I have a markov kernel K. From this I find the invariant probability $\pi$. The question is to design a "dream" matrix K*, that converges in one step. Such that $\lambda_{SLEM}=0$ (second largest eigen-value modulus). I am not sure how to go about designing the dream matrix. Any pointers to literature/pointers would be welcome

Answer 1

Consider three states $A,B,C$. We have that $A$ almost surely goes to itself and no other states. Let $B$ almost surely go to $A$ and to no other states. Let $C$ go to $A$ with probability $0.5$ and to $B$ with probability $0.5$.

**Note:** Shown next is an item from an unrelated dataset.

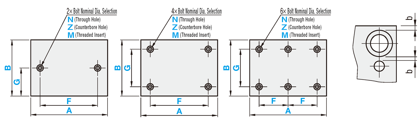 | N (Through Hole) | Z (Counterbored Hole) | N (Through Hole) / Z (Counterbored Hole) Details | M (Threaded Insert) | ■Table 1 M (Thread Insert) Details | |||||||||||||||||||||||||||||||||||||||||||||||||||||||||||||

The transition matrix may be seen as $M = \left( \begin{array}{ccc} 1 & 0 & 0 \\ 1 & 0 & 0 \\ 0.5 & 0.5 & 0 \end{array} \right) $

The eigenvalues of the associated transition matrix $M$ are $1,0,0$. The powers of the transition matrix $M$ are $M^2, M^3, \dots$, these just give us the matrix $A$ defined by

$A= \left( \begin{array}{ccc} 1 & 0 & 0 \\ 1 & 0 & 0 \\ 1 & 0 & 0 \end{array} \right) $

This converges in just one step.

EDIT:

Suppose we didn't know how to get there. We seek a transition matrix with an existing limiting distribution, then the Perron-Frobenius theorem tells us the spectral radius of this matrix must be $1$ with unique multiplicity one and all other eigenvalues smaller. So simply pick a matrix of order three by three with nine coefficients to be found and calculate what you need to satisfy those conditions.